Figure 2-3: Range-extension for macro-pico network
2.2.3.4. Relay Node
Relay Stations (RSs) are planned to forward user information from the neighbouring user equipment (UE)/mobile station (MS) to a local eNode-B (eNB)/base station (BS) [24]. The RSs can enhance the total throughput of the system by extending the signal and service coverage of an eNB. The selection of the relay types and relay partners (collaborative strategy) play a great role on the performance of relay transmission. There are two types of rely nodes defined in 3GPP LTE-Advanced and 802.16j standards: type 1 (non-transparency), which could help a remote UE located far away from eNB to access to the eNB. This type of relay nodes need to transmit the common reference signal and the control information for the eNB, and its main aim is to extend the signal coverage and
19
services. On the other hand, type 2 (transparency) could help a local UE, which is located within the coverage of eNB and has a direct communication link with eNB to improve the link capacity and service quality.
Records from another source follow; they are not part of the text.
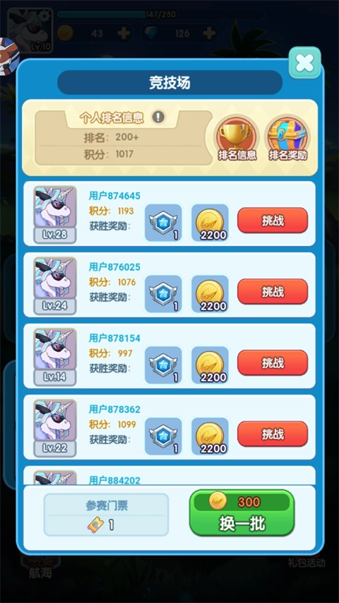 2、竞技场获胜:开蛋过程中除了可以获取金币,还会随机掉落竞技场挑战券。拿上挑战券,就可以和其它训练家进行pk!取胜后可以获得金币和积分奖励,随着积分的提高,你的对手会变得更强大,金币奖励也会更加丰厚!风浪越大~鱼越贵~想必就是这个道理了!
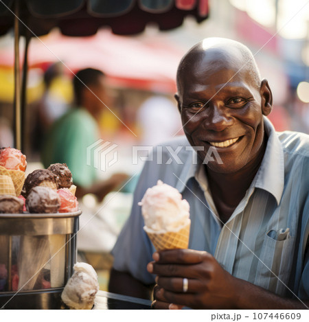 ice cream street vendor smiling at camera
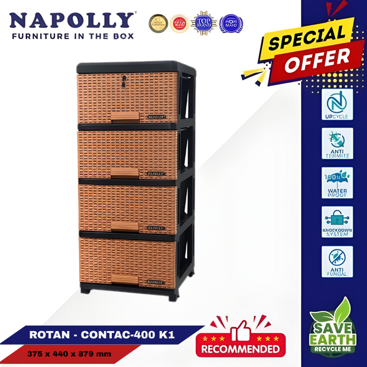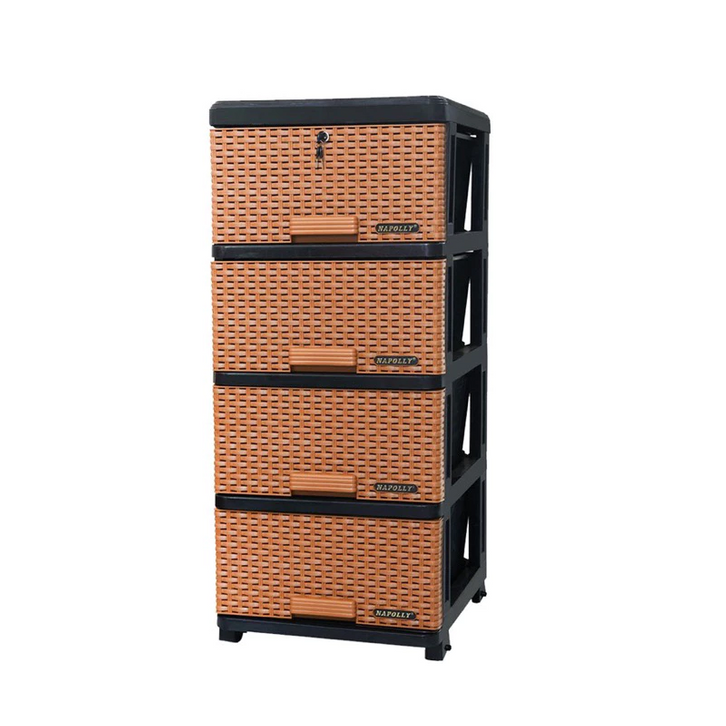 LEMARI PLASTIK LACI NAPOLLY 4 SUSUN JUMBO MOTIF RATTAN DRAWER ROTAN - CONTAC-400 K1
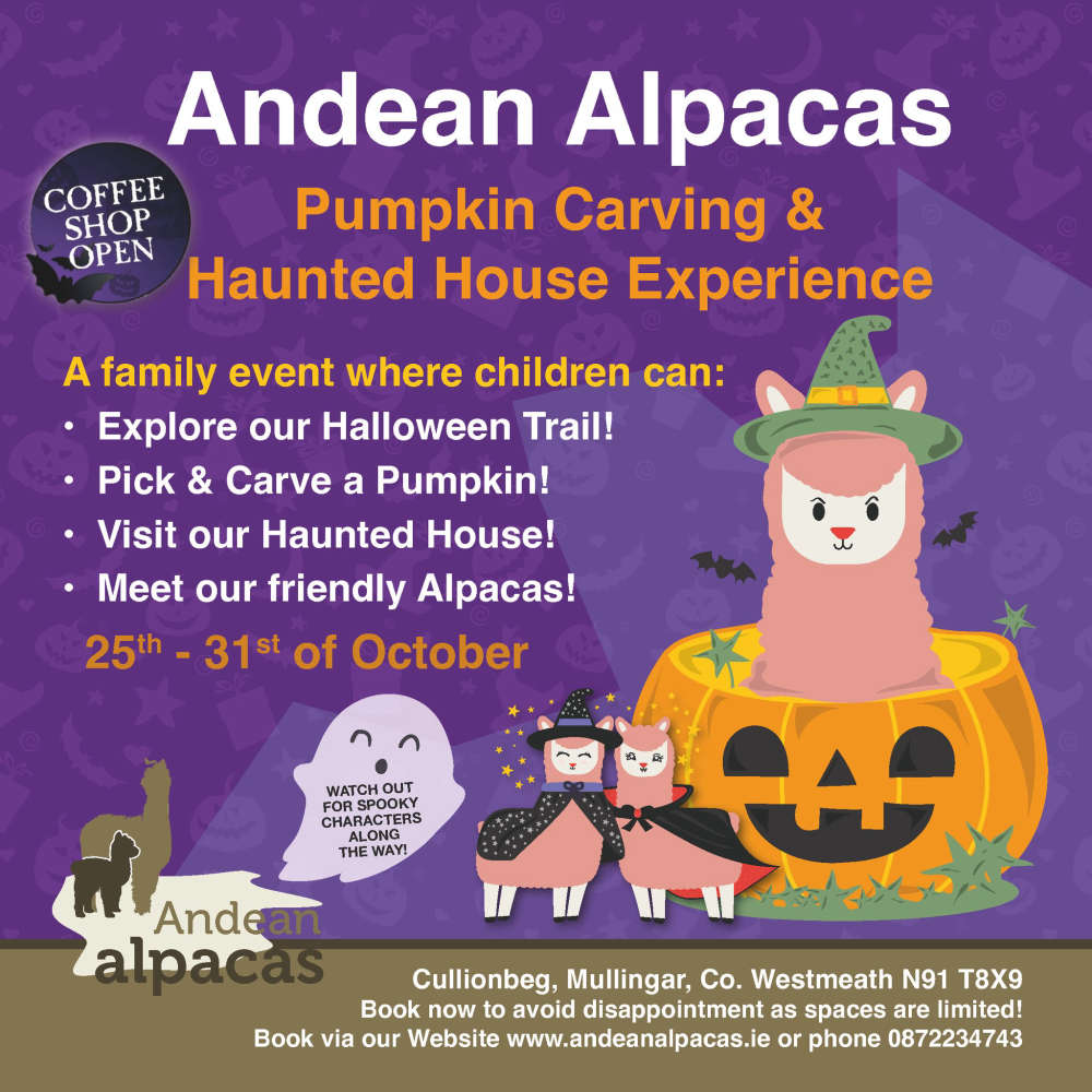 Andean Alpacas Pumpkin Carving and Haunted House Experience is on from 25th – 31st October at Cullionbeg, Mullingar. Meet the Alpacas! Visit the Haunted House! Explore the Halloween trail & pick and carve a Pumpkin! Then relax in the Coffee Shop.. Book today. Limited places available. See Andean Alpacas .ie or call 087 223 4743
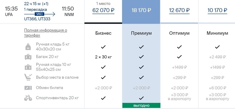 Если купить авиабилеты сразу туда-обратно — можно сэкономить до 10% от их начальной стоимости. А/к предлагает три тарифа в экономкласс:
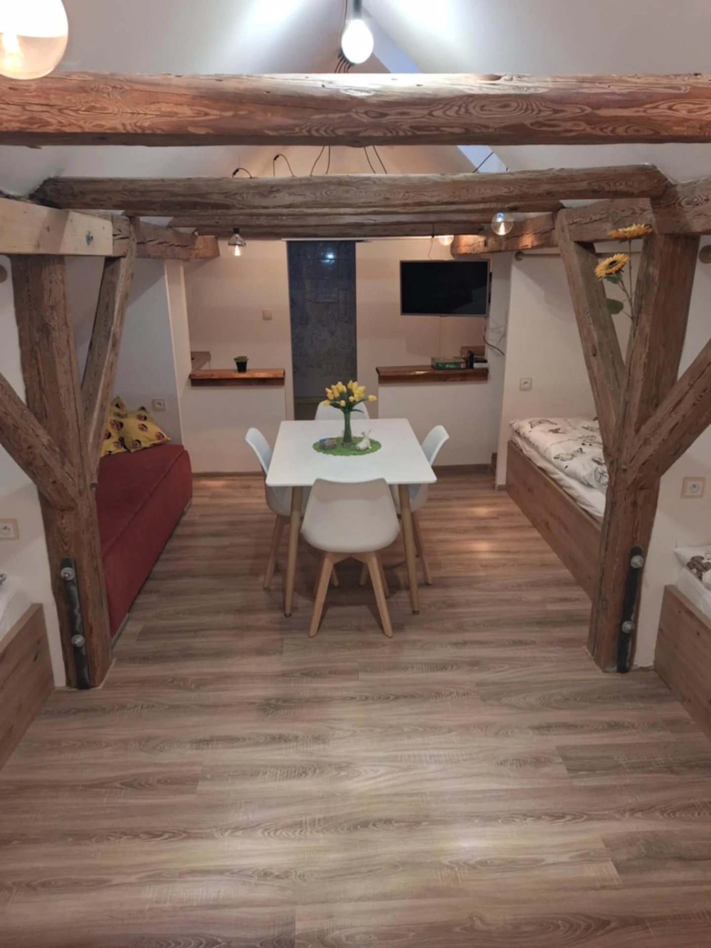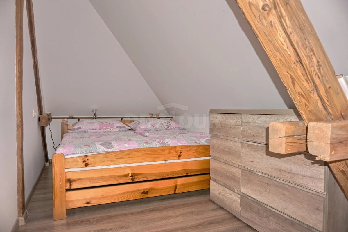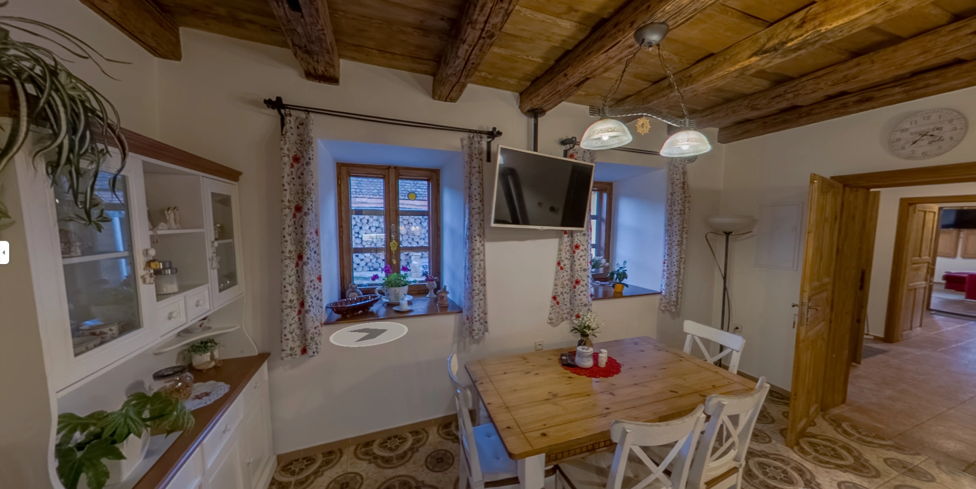Rustikální prvky, jako jsou dřevěné trámy, přírodní materiály a květinové závěsy, podtrhují jedinečný styl tohoto ubytování, které je ideální pro klidný pobyt v malebném prostředí.
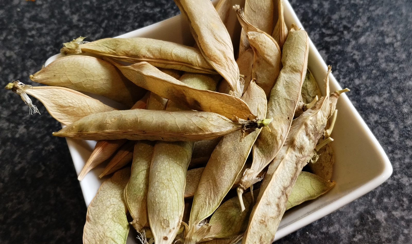 Harvested pea pods left to dry – the seeds inside them can be sowed next spring
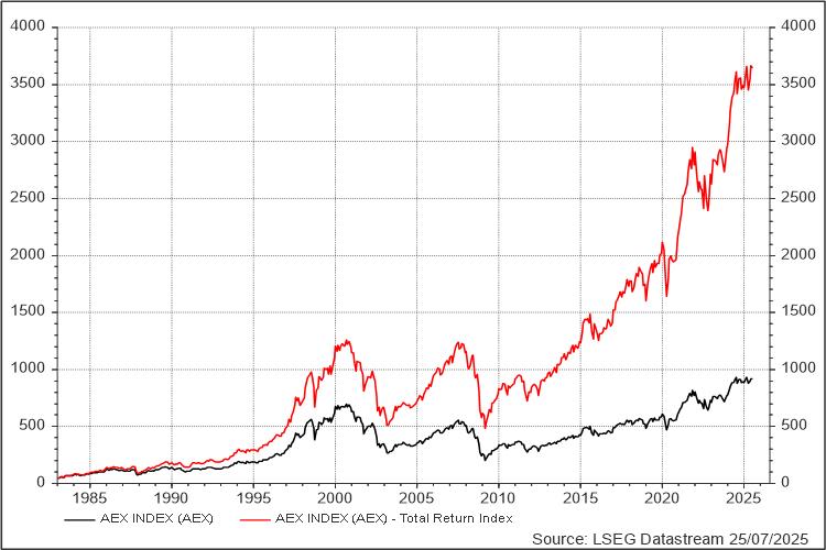 Vandaag is de AEX exact 40 jaar oud geworden. Het begon te handelen op ƒ100 (~¤45). Als de AEX een Total Return index was, dan stond deze nu op ¤2.834. Dat is een gemiddeld jaarlijks rendement van (2.834/45)^(1/40) = 10,9% sinds deze begon. Niet slecht.![]()
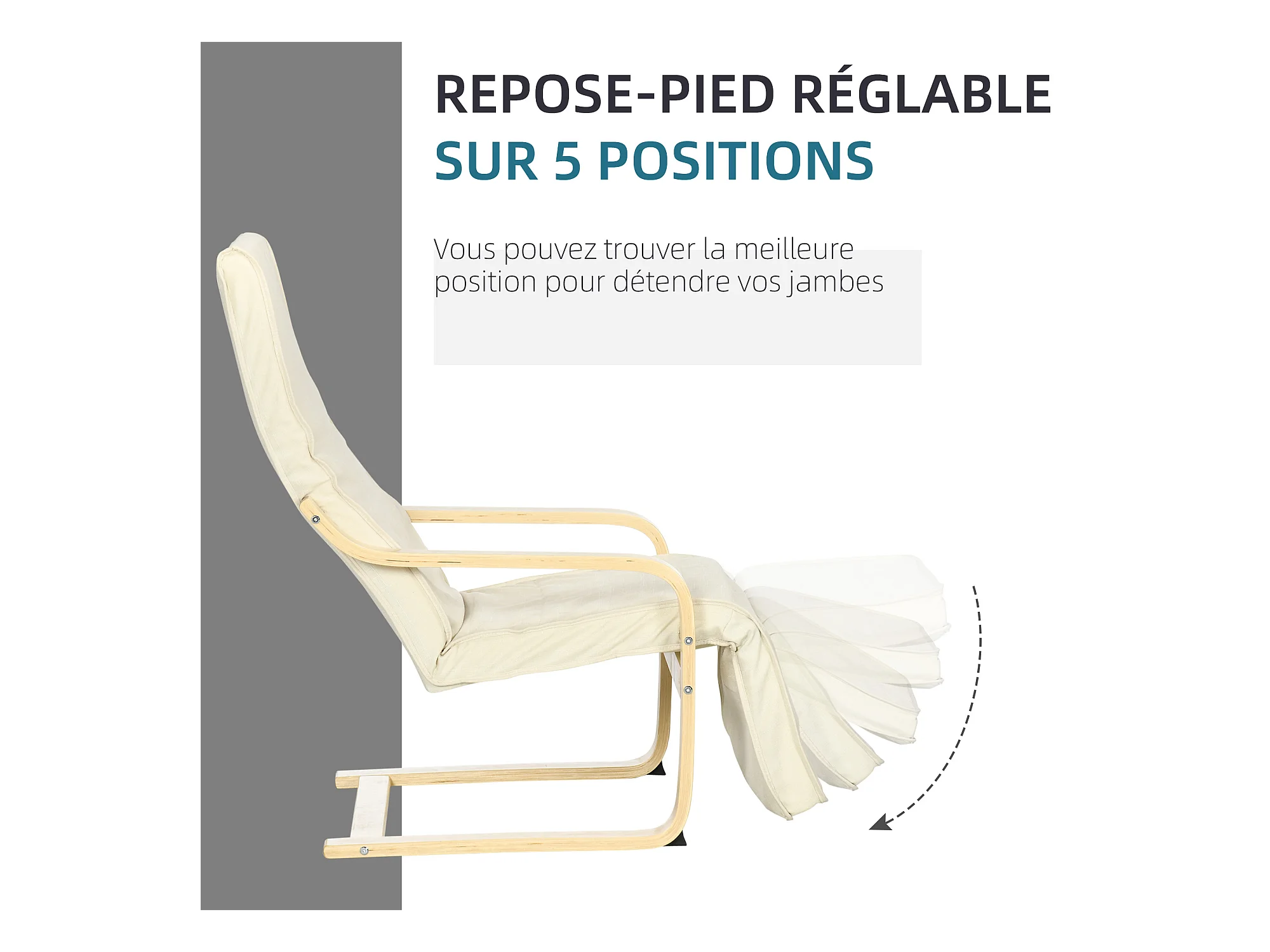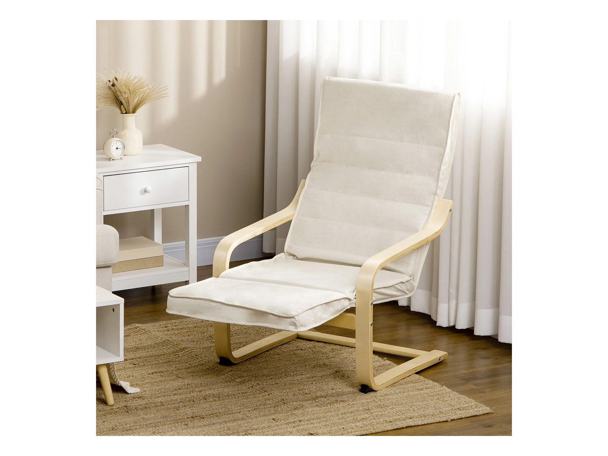 Fauteuil style nordique - repose-pied réglable - déhoussable - bois de bouleau tissu crème
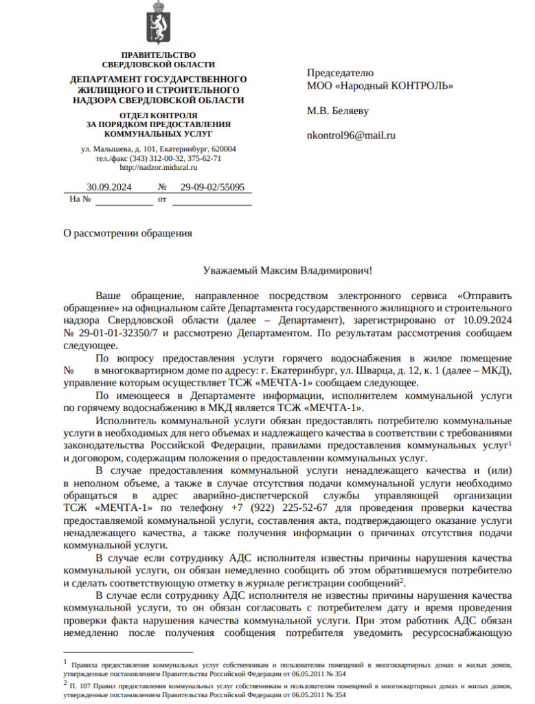 На обращение, полученное 30 августа из Екатеринбурга с жалобой на проблему с горячим водоснабжением, был получен ответ из Департамента государственного жилищного и строительного надзора Свердловской области.
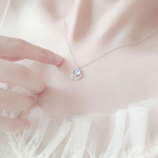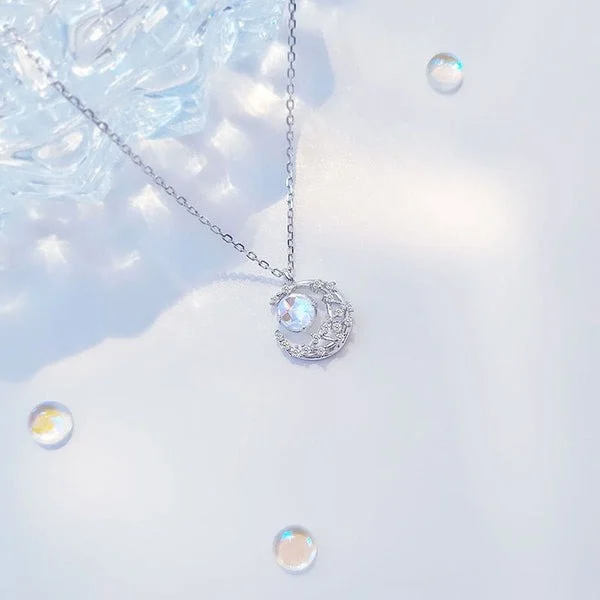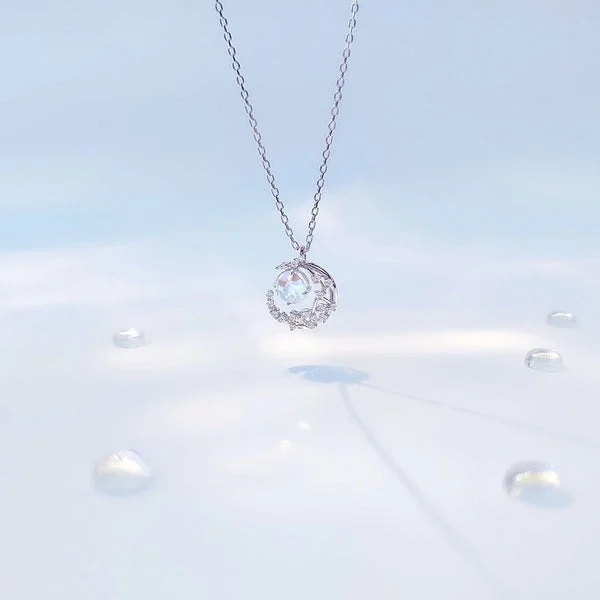 [Zyrono] Moonstone Sparkling Silver Necklace CDE6068SV – Premium Silver Necklace Free Shipping
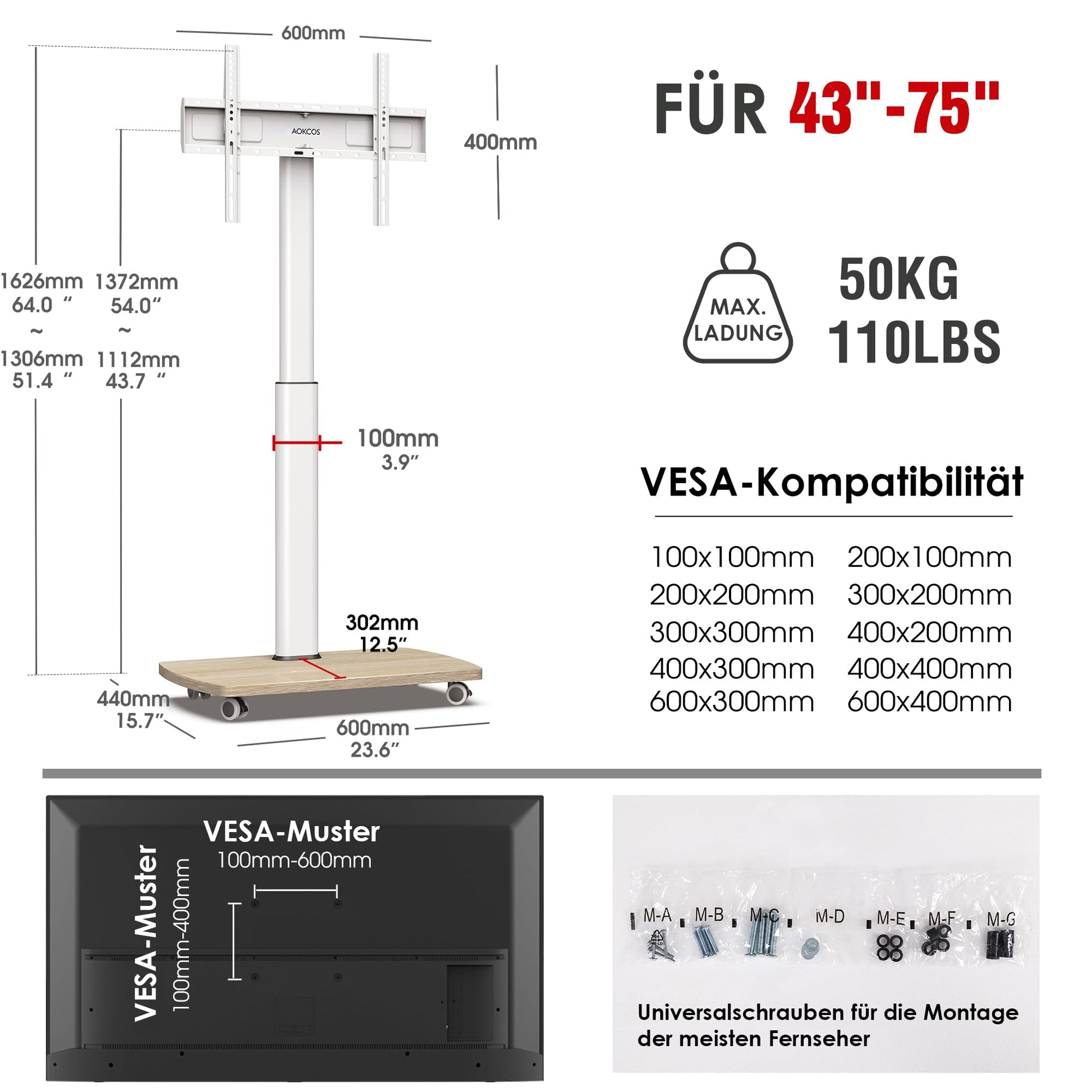 Der Ständer ist universell für die meisten Flach- und Curved-Bildschirme von 43 bis 75 Zoll geeignet. Er trägt ein maximales Gewicht von 50 kg und unterstützt VESA-Montagemuster von 100x100 mm bis 600x400 mm.
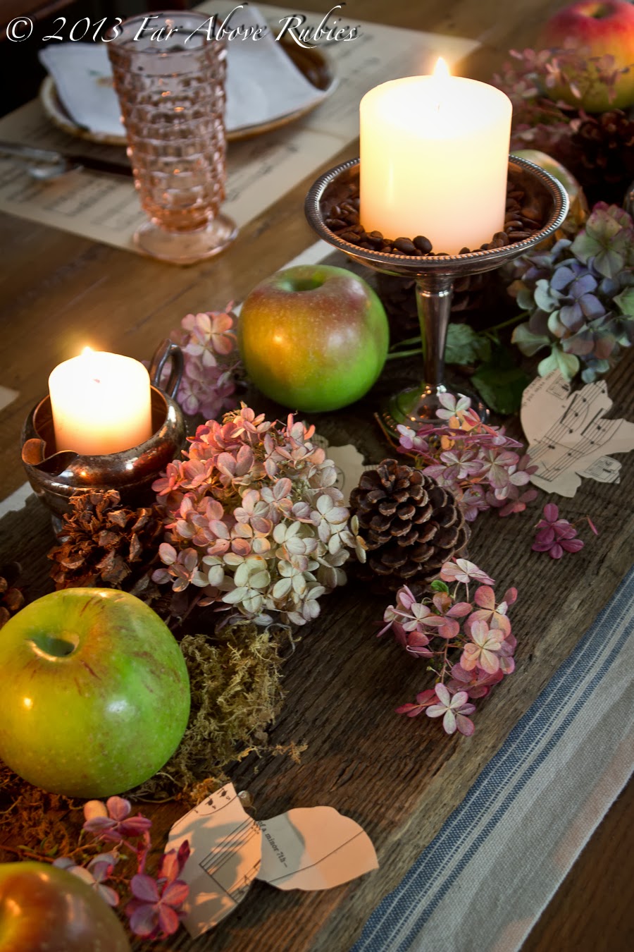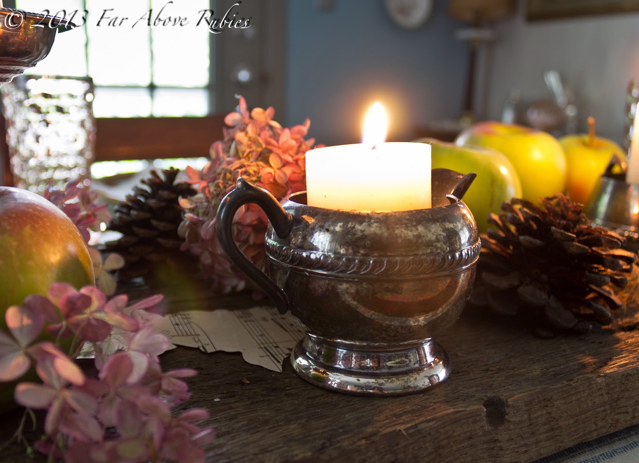 Anita, love the rustic with elegant silver. The candles and apples and music sheets are wonderful together. Everything in your table top is gorgeous.
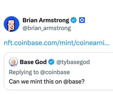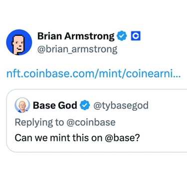 Hours later, Brian Armstrong, CEO of Coinbase, quote tweeted Base God with a link to the earnings mint. This interaction resulted in The First Alignment.
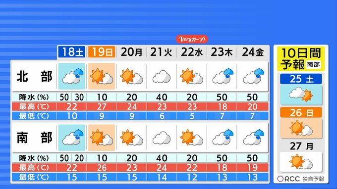 天気は周期変化し、日曜日・月曜日はよく晴れて気温が上昇するでしょう。暑さ対策も必要となります。火曜日はすっきりせず、水曜日は晴れる予想です。最高気温は、25℃以上の地点がたびたび出る予想です。気象庁は高温に関する情報を発表しています。それによりますと、中国地方の向こう2週間の気温は暖かい空気に覆われやすいため高く、かなり高い日が多い見込みです。体調管理にはご注意ください。

So it does not transmit the common reference signal and the control information and its main aim is just to increase the overall system capacity, by achieving the transmission gain and multipath diversity for the local UEs [25]. Therefore, the general application of relay nodes in combination with macrocell is to pass transmission for out of range mobile nodes, as well as improving the existing connections.
2.2.3.5. Femtocell
Femtocell is introduced as an intelligent access point to support 3G and 4G mobile devices, which use cellular air interface, e.g. CDMA2000, UMTS, LTE and LTE-A. Femto nodes are tightly integrated with the existing macro networks, and so their use and switching between macro and femto are seamless for the users in particular. The femtocell network architecture and its specifications allow the ordinary users to install them with plug-and-play simplicity [26]. In case of using of femtocell within closed mode HetNet architecture, only the registered subscribers of femtocell are allowed to access. Hence, the nearby users, either from the neighbouring femto, or general macro node are likely to face severe interference caused by the femtocell [6]. Therefore, when deploying femto sub- network, which is an indoor application, there is a need to consider an appropriate control strategy to receive the maximum support from this cooperation.
There is an additional focus on femtocell in HetNet architecture, compared to the other small-cells, because of its low-power, low-complexity and compatibility with the existing core network mobile network operators (MNOs), while promoting different ranges of tariffs for home broadband.